I think what he is getting at is 'upgrading' our standard lisense to lifetime. I'm going to upgrade as soon as i can!!!!!


----------



## Shipwreck (Jan 26, 2006)

A few years ago, someone in TX was trying to push a "lifetime" driver's license - yet, it really didn't last your lifetime. It fizzled away, though.

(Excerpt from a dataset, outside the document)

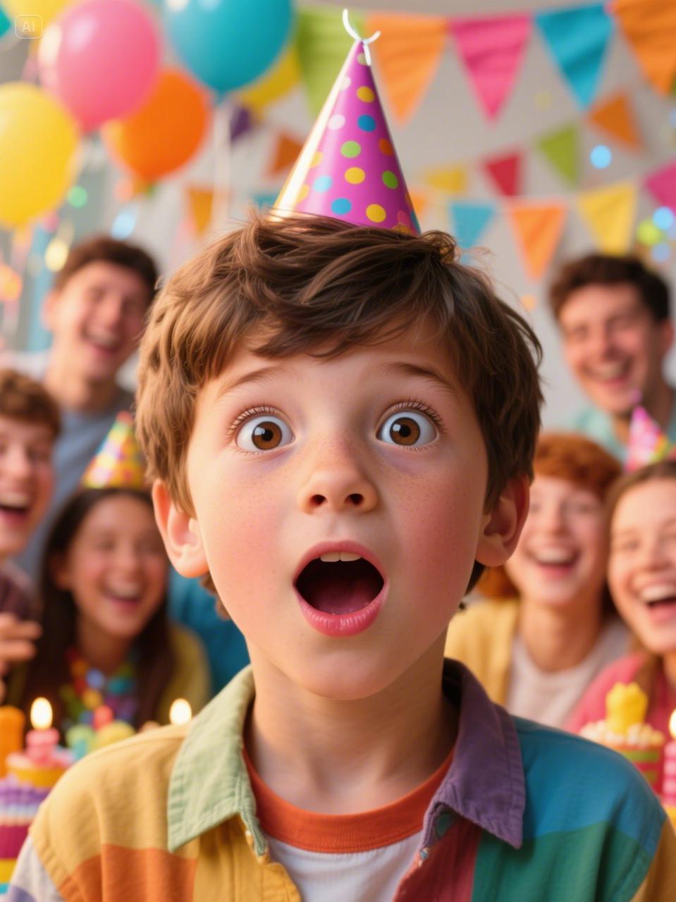 電影感, 一個男孩在生日派對上,特寫鏡頭捕捉他睜大的眼睛和張開的嘴巴,驚訝,背景是五彩的裝飾和朋友們的笑臉,暖色調,明亮光線。

If it is "lifetime," then it should be the rest of your life....


----------



## jwkimber45 (May 6, 2006)

Yeah, we'll see how it goes.

I'm much more interested in a national recipocy (sp) than any one state issuing 'lifetime' lisenses.....


----------



## blackice (May 11, 2006)

What would be even better and a Federal Carry Permit..... Free from restrictions!!!!..... Carry where you please..... Cost more... More training classes...... but I think it would be worth it!! :shock:


----------



## scooter (May 9, 2006)

blackice said:


> What would be even better and a Federal Carry Permit..... Free from restrictions!!!!..... Carry where you please..... Cost more... More training classes...... but I think it would be worth it!! :shock:


NO,no,no,no,no, then the next clintonite elected will have the power to ban ALL concealed carry,leave it to the states but do the mandatory recip. agreement. :roll:


----------



## A_J (May 22, 2006)

+1

Keep the power with the states, but streamline reciprocity-


----------



## Hal8000 (May 8, 2006)

I find it difficult to willingly turn a "right" into a "privilege", State wise or Federal.

"A well regulated Militia, being necessary to the security of a free State, the right of the people to keep and bear Arms, shall not be infringed."

Now where in there does it say that it has to be exposed? :roll:


----------